Step 2: Choosing a Cooling Solution
When designing cooling for an IT room in a tenant fit-up, there are two primary cooling options to consider:
Option 1: Transfer Fan
A transfer fan is a cost-effective solution for cooling an IT room. The system pulls air from an adjacent space, passes it through the IT room, and expels the warmed air into the building’s return air plenum.
- Cost: Typically more affordable, as it doesn’t require complex HVAC equipment or installation. Costs are limited to the fan and power connections.
- Temperature Limits: The temperature of the IT room cannot be reduced below that of the adjacent space. As such, temperatures usually range from 80-85°F, which is still acceptable for IT equipment.
- Make-Up Air: A space-to-space transfer duct with ceiling grilles, or a door louver, can facilitate airflow between the two spaces.
- Operation: The fan can operate continuously via a wall-mounted speed controller or be triggered by a thermostat to run when the room’s temperature exceeds the setpoint.
Option 2: AC Split-System
This system features an indoor AC unit (typically wall-mounted) and an outdoor condensing unit, connected via refrigerant piping. The indoor unit responds to a wall-mounted thermostat.
Refrigerant Line Lengths: The efficiency of the system is affected by the length of the refrigerant lines. If the piping exceeds 100 feet, an alternative cooling method (like a traditional CRAC unit) may be needed to maintain system efficiency.
Cost: Generally more expensive than the transfer fan due to the additional outdoor unit and refrigerant piping. Coordination is needed for installation and any landlord approval for outdoor unit placement.
Temperature Control: Using a refrigerant cycle, this system can maintain a much lower setpoint (typically 70-75°F) compared to the transfer fan.
Refrigerant and Condensate Piping: Proper routing of refrigerant and condensate piping is crucial to avoid any risk to IT equipment. The piping should be insulated to prevent condensation from dripping onto electrical components.

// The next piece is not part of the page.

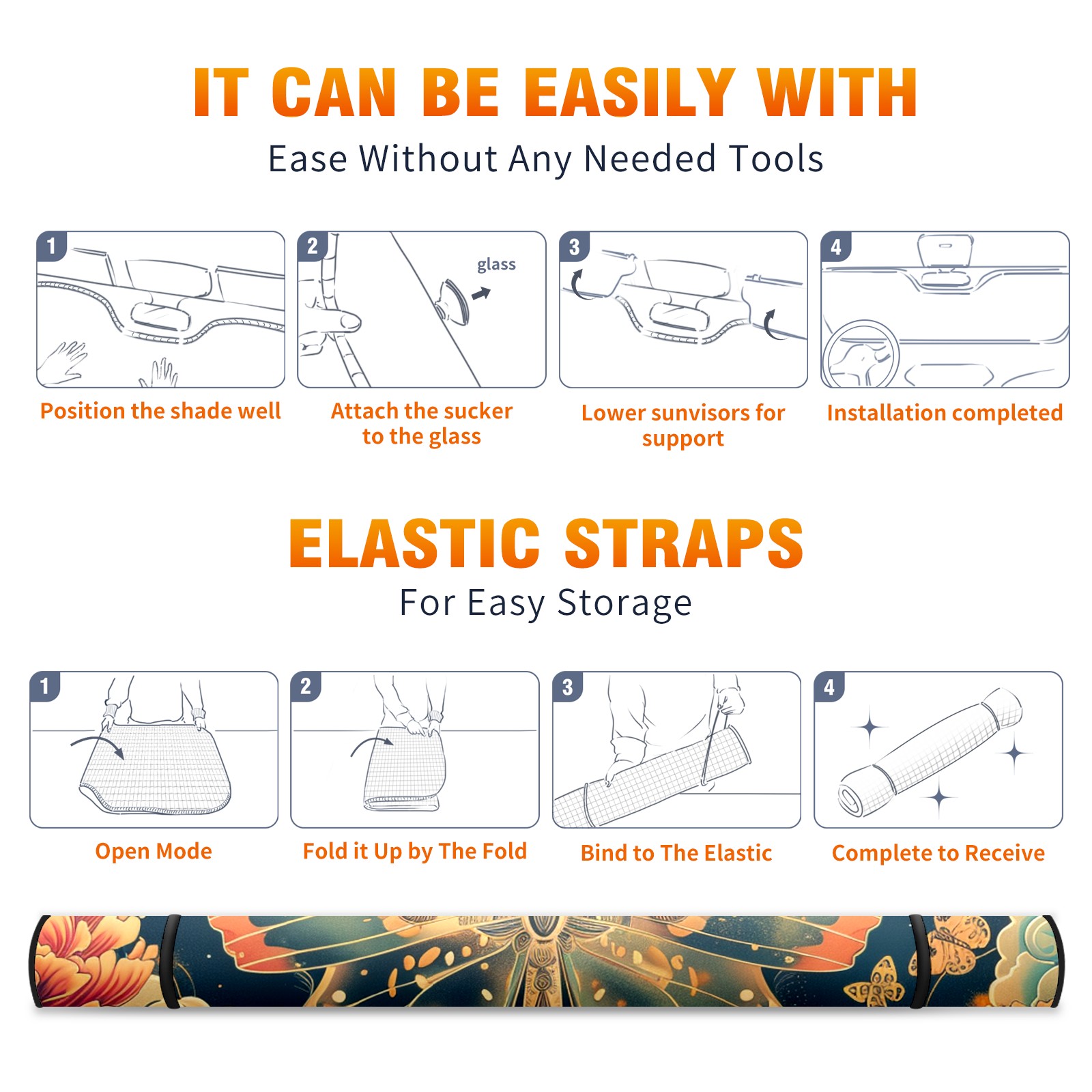 Car Windshield Sun Shade for Front Window Butterfly (17) Foldable Vehicle Windshield Car Sun Visor Covers Automotive Window Protector Car Privacy Sun Blocker

Step 3: Additional Design Considerations
1. Equipment Sizing
Properly sizing the cooling system is essential to ensure the IT room stays at the right temperature. In addition to typical heat sources from servers and computers, other factors should be considered:
- Lighting: The type and number of lights in the room will contribute to the overall heat load.
- Human Presence: If staff frequently occupy the room, their presence adds heat to the system.
- Electrical Equipment: Other equipment such as transformers and racks can generate additional heat.
- Building Location: If the IT room is located on the building’s perimeter or under a roof, it may be subject to additional heat gain from the outside environment.
2. Submetering
Submetering the electrical usage of the cooling system helps track energy consumption for accurate billing. This is typically required by landlords, ensuring tenants are billed for their specific energy usage.
As businesses increasingly adopt cloud-based IT solutions, the physical size of in-house IT rooms continues to shrink. However, the need for effective cooling remains essential to maintaining the proper operating conditions for IT equipment. By carefully assessing the tenant’s specific needs and selecting the appropriate cooling system, businesses can ensure their IT infrastructure operates smoothly, avoiding costly system failures and disruptions.
The process of designing an efficient cooling system is strategic and requires thorough consideration of the tenant’s needs, equipment, and potential future growth. By following these guidelines, businesses can implement reliable, energy-efficient cooling solutions that support the continued success of their operations.